The opinions expressed are those of the Fund’s Sub-Adviser and are not a recommendation for the purchase or sale of any security. 

As of March 31, 2019, Signature Bank New York (SBNY) represented 1.70% of the Castle Tandem Fund’s total net assets. 

The Fund’s investment objectives, risks, charges and expenses must be considered carefully before investing. The prospectus contains this and other important information about the Fund, and it may be obtained by calling 1-877- 743- 7820, or visiting www.castleim.com. Read it carefully before investing. Distributed by Rafferty Capital Markets, LLC Garden City, NY 11530. 

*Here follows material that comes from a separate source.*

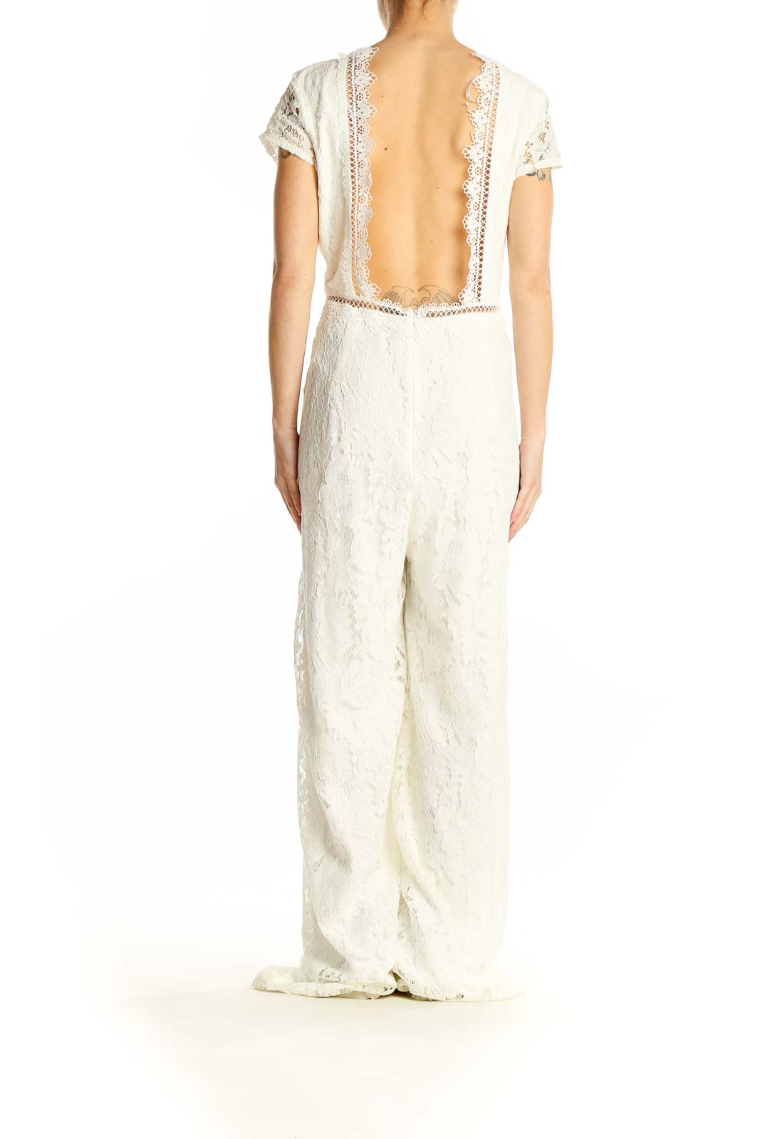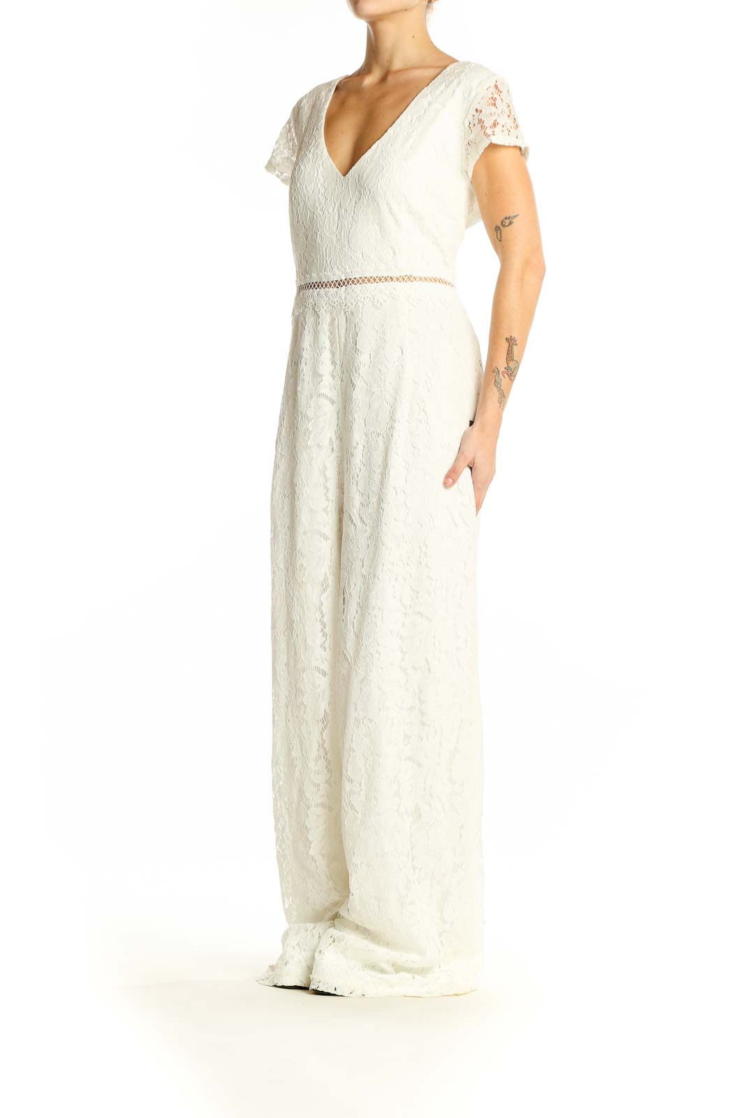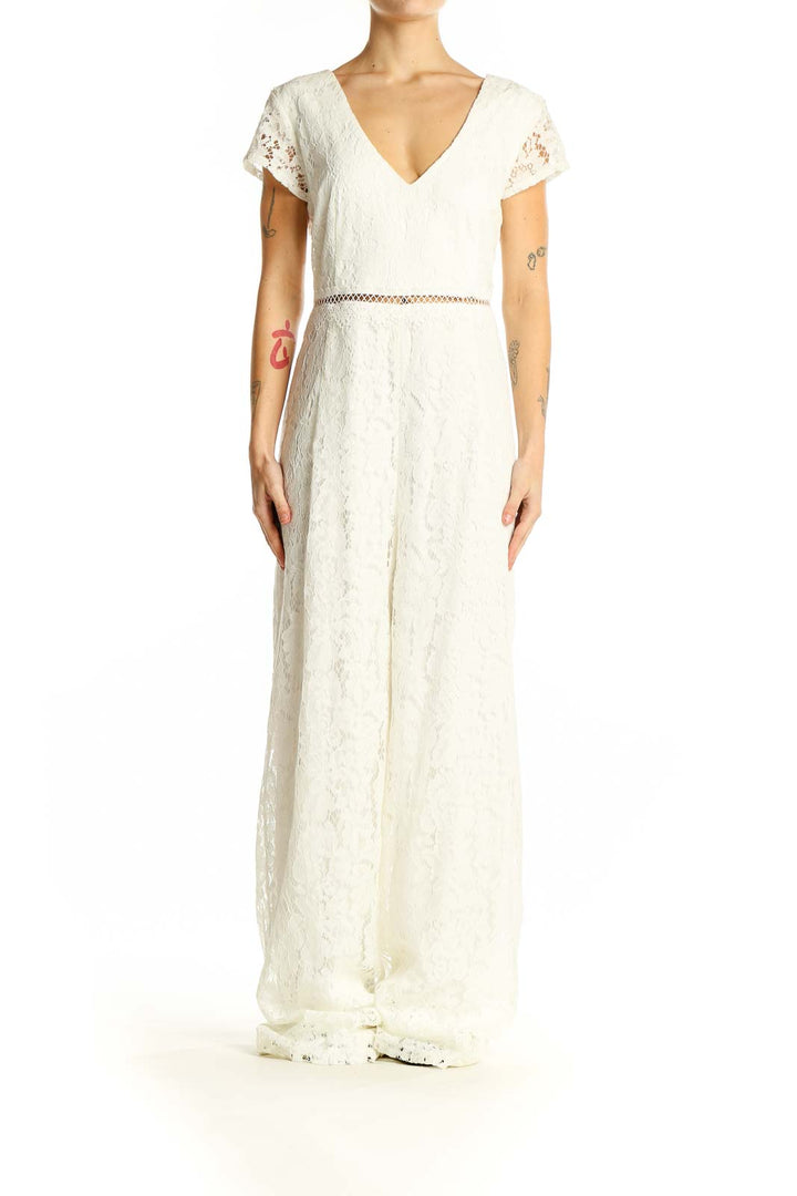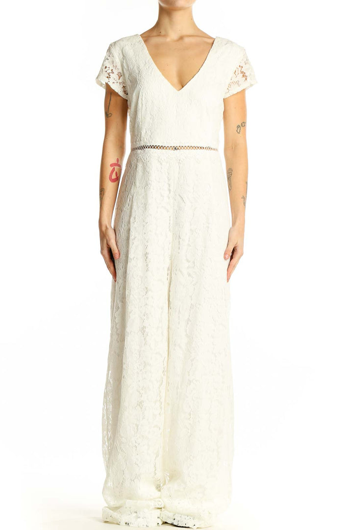Make a stunning entrance in this elegant white lace jumpsuit from Lulu's. Featuring a flattering V-neckline and short lace sleeves, this all-in-one piece exudes sophistication and grace. The wide-leg silhouette offers comfort and a fashionable flair, while the delicate lace overlay adds a touch of romance to your look. A subtle cutout detail at the waist creates a slimming effect, accentuating your figure beautifully. Crafted from a soft blend of cotton and nylon, this jumpsuit ensures both comfort and durability. Perfect for special occasions or a night out, this jumpsuit is a versatile addition to your wardrobe. New with tags, it's ready to make you feel confident and stylish.

The risks associated with the Fund are detailed in the Fund’s Prospectus. Investments in the Fund are subject to common stock risk, sector risk, and investment management risk. The Fund’s focus on large-capitalization companies subjects the Fund to the risks that larger companies may not be able to attain the high growth rates of smaller companies. Because the Fund may invest in companies of any size, its share price could be more volatile than a fund that invests only in large-capitalization companies. Fund holdings and asset allocations are subject to change and are not recommendations to buy or sell any security.